HLAs have other roles. They are important in disease defense. They are the major cause of organ transplant rejections. They may protect against or fail to protect (if down-regulated by an infection) against cancers. Mutations in HLA may be linked to autoimmune disease (examples: type I diabetes, coeliac disease). HLA may also be related to people's perception of the odor of other people, and may be involved in mate selection, as at least one study found a lower-than-expected rate of HLA similarity between spouses in an isolated community.
Aside from the genes encoding the 6 major antigen-presenting proteins, there are a large number of other genes, many involved in immune function, located on the HLA complex. Diversity of HLAs in the human population is one aspect of disease defense, and, as a result, the chance of two unrelated individuals with identical HLA molecules on all loci is extremely low. HLA genes have historically been identified as a result of the ability to successfully transplant organs between HLA-similar individuals.
The proteins encoded by HLAs are those on the outer part of body cells that are (in effect) unique to that person. The immune system uses the HLAs to differentiate self cells and non-self cells. Any cell displaying that person's HLA type belongs to that person and, therefore, is not an invader.
When a foreign pathogen enters the body, specific cells called antigen-presenting cells (APCs) engulf the pathogen through a process called phagocytosis. Proteins from the pathogen are digested into small pieces (peptides) and loaded onto HLA antigens (to be specific, MHC class II). They are then displayed by the antigen-presenting cells to CD4+ helper T cells, which then produce a variety of effects to eliminate the pathogen.
Through a similar process, proteins (both native and foreign, such as the proteins of virus) produced inside most cells are displayed on HLAs (to be specific, MHC class I) on the cell surface. Infected cells can be recognized and destroyed by CD8+ T cells.

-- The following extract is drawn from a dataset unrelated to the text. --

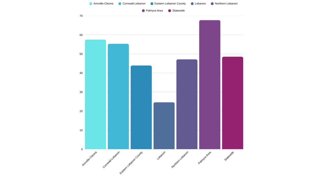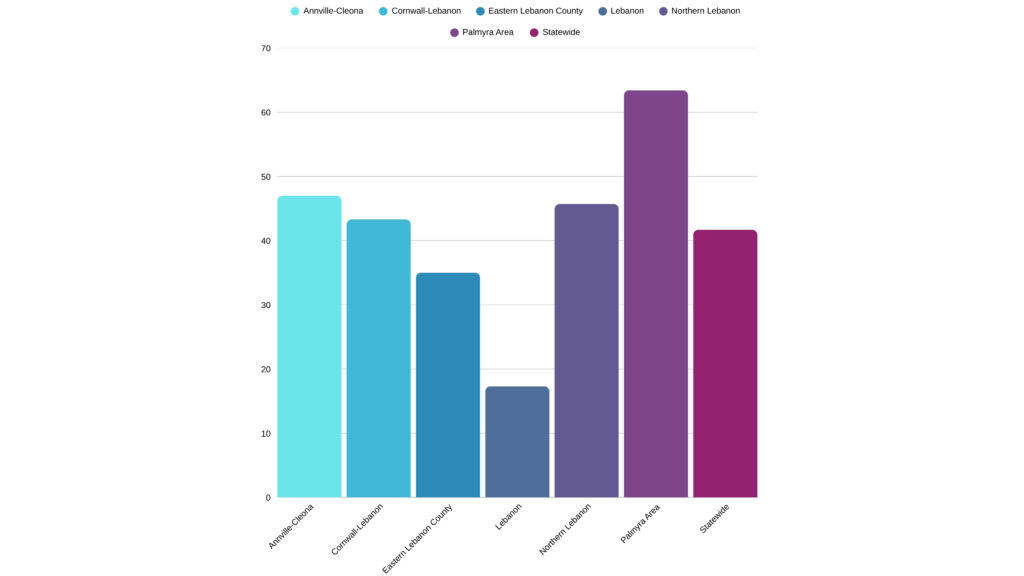 Lebanon County’s results are ordered alphabetically below. The percentages show a rounded measure of students who tested at or above proficient.
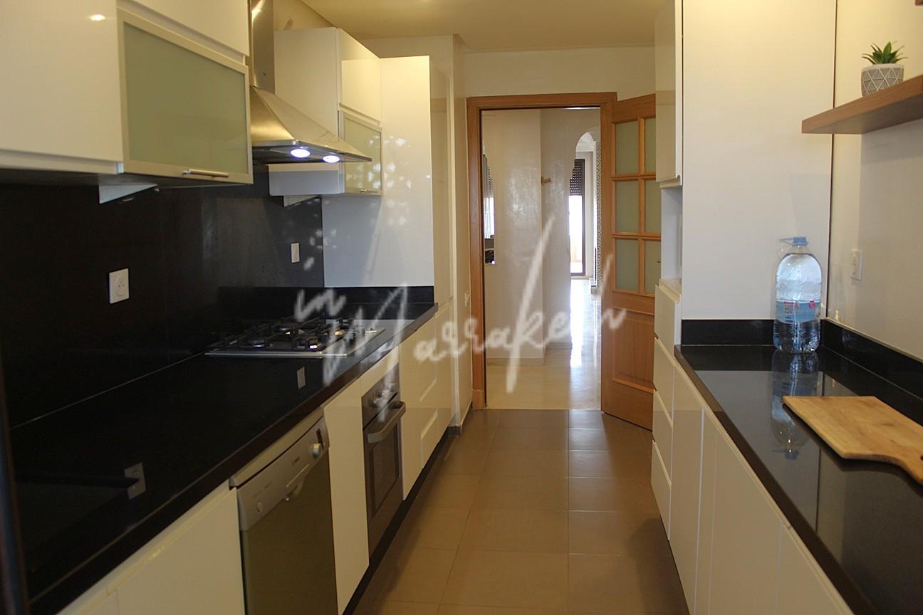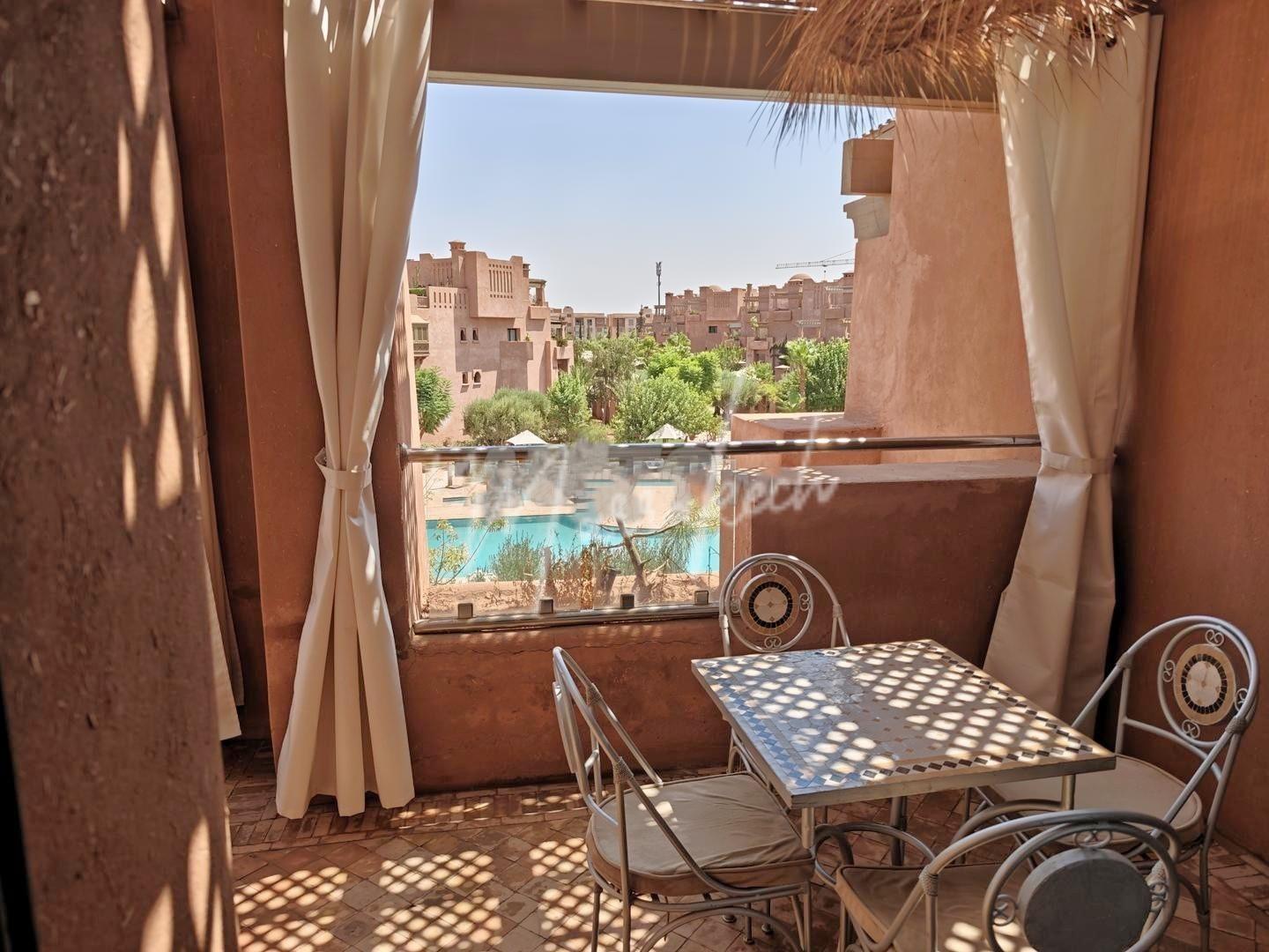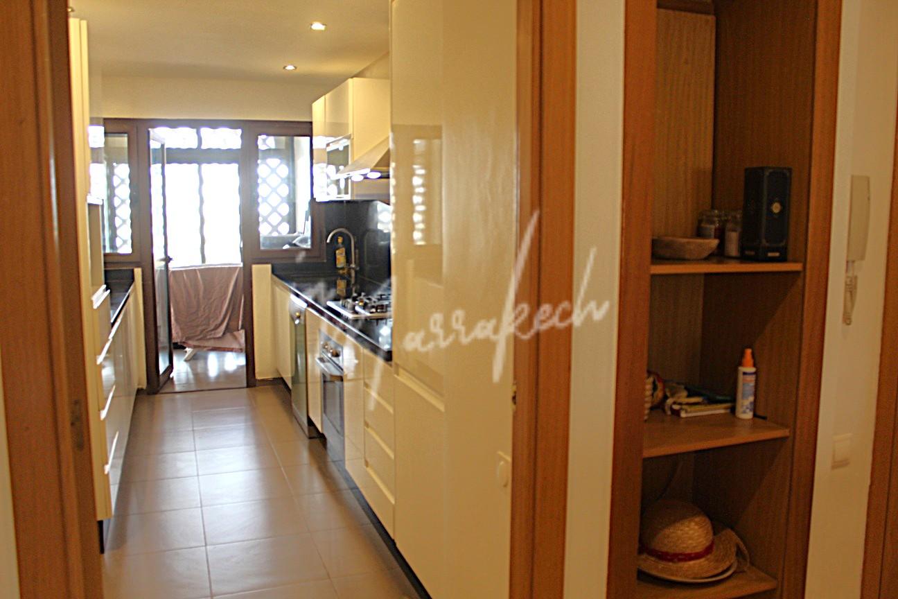 une cuisine entièrement équipée avec appareils haut de gamme, un beau séjour ,une grande terrasse avec une vue sur la piscine et les montagnes de l’Atlas , toilette réception, deux belle chambres avec salle d’eau.

The image off to the side shows a piece of a poisonous bacterial protein (SEI peptide) bound within the binding cleft portion of the HLA-DR1 molecule. In the illustration far below, a different view, one can see an entire DQ with a bound peptide in a similar cleft, as viewed from the side. Disease-related peptides fit into these "slots" much like a hand fits into a glove. When bound, peptides are presented to T cells. T cells require presentation via MHC molecules to recognize foreign antigens -- a requirement known as MHC restriction. These cells have receptors that are similar to B cell receptors, and each cell recognizes only a few class II-peptide combinations. Once a T cell recognizes a peptide within an MHC class II molecule, it can stimulate B-cells that also recognize the same molecule in their B cell receptors. Thus, T cells help B cells make antibodies to the same foreign antigens. Each HLA can bind many peptides, and each person has 3 HLA types and can have 4 isoforms of DP, 4 isoforms of DQ and 4 Isoforms of DR (2 of DRB1, and 2 of DRB3, DRB4, or DRB5) for a total of 12 isoforms. In such heterozygotes, it is difficult for disease-related proteins to escape detection.
Any cell displaying some other HLA type is "non-self" and is seen as an invader by the body's immune system, resulting in the rejection of the tissue bearing those cells. This is particularly important in the case of transplanted tissue, because it could lead to transplant rejection. Because of the importance of HLA in transplantation, the HLA loci are some of the most frequently typed by serology and PCR.
|HLA allele||Diseases with increased risk||Relative risk|
|Acute anterior uveitis||15|
|HLA-DR2||Systemic lupus erythematosus||2 to 3|
|Primary Sjögren syndrome||10|
|Diabetes mellitus type 1||5|
|Systemic lupus erythematosus||2 to 3|
|Diabetes mellitus type 1||6|
|Diabetes mellitus type 1||15|
|HLA-DQ2 and HLA-DQ8||Coeliac disease||7|
HLA types are inherited, and some of them are connected with autoimmune disorders and other diseases. People with certain HLA antigens are more likely to develop certain autoimmune diseases, such as type I diabetes, ankylosing spondylitis, celiac disease, SLE (systemic lupus erythematosus), myasthenia gravis, inclusion body myositis, Sjögren syndrome, and narcolepsy. HLA typing has led to some improvement and acceleration in the diagnosis of celiac disease and type 1 diabetes; however, for DQ2 typing to be useful, it requires either high-resolution B1*typing (resolving *02:01 from *02:02), DQA1*typing, or DR serotyping. Current serotyping can resolve, in one step, DQ8. HLA typing in autoimmunity is being increasingly used as a tool in diagnosis. In celiac disease, it is the only effective means of discriminating between first-degree relatives that are at risk from those that are not at risk, prior to the appearance of sometimes-irreversible symptoms such as allergies and secondary autoimmune disease.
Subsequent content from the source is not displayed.